- YOUR GOAL: Beginning at the line containing "今ではご家族おそろいで気軽に" in the material below and ending at the line containing "معنى اسم يسيري", return each line exactly and add nothing.

- MATERIAL TO PROCESS:
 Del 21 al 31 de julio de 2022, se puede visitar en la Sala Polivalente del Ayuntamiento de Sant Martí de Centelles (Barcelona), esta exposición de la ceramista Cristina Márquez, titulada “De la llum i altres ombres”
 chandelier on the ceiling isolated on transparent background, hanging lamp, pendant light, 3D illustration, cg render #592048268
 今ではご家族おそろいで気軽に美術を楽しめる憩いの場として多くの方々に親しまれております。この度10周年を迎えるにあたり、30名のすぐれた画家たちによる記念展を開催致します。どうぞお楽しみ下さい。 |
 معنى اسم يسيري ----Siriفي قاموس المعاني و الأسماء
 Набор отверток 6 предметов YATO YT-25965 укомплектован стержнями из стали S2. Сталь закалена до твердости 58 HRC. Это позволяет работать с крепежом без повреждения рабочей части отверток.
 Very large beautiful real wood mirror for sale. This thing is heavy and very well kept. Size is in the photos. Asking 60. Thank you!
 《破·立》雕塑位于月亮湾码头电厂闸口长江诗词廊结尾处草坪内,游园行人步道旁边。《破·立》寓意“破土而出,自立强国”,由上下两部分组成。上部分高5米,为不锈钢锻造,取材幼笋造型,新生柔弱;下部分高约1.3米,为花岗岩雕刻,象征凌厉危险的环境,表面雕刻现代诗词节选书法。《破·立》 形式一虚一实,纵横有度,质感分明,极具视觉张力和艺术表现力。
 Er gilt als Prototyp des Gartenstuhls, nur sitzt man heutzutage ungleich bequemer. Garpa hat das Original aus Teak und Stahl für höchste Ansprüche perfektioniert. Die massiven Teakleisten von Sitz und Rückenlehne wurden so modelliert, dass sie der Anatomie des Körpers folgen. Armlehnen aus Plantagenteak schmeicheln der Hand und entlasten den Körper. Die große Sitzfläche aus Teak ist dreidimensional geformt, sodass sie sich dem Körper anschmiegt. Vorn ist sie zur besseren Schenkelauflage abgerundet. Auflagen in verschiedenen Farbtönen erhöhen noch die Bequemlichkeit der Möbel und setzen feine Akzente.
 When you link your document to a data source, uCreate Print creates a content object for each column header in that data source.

- REPLY:
 今ではご家族おそろいで気軽に美術を楽しめる憩いの場として多くの方々に親しまれております。この度10周年を迎えるにあたり、30名のすぐれた画家たちによる記念展を開催致します。どうぞお楽しみ下さい。 |
 معنى اسم يسيري ----Siriفي قاموس المعاني و الأسماء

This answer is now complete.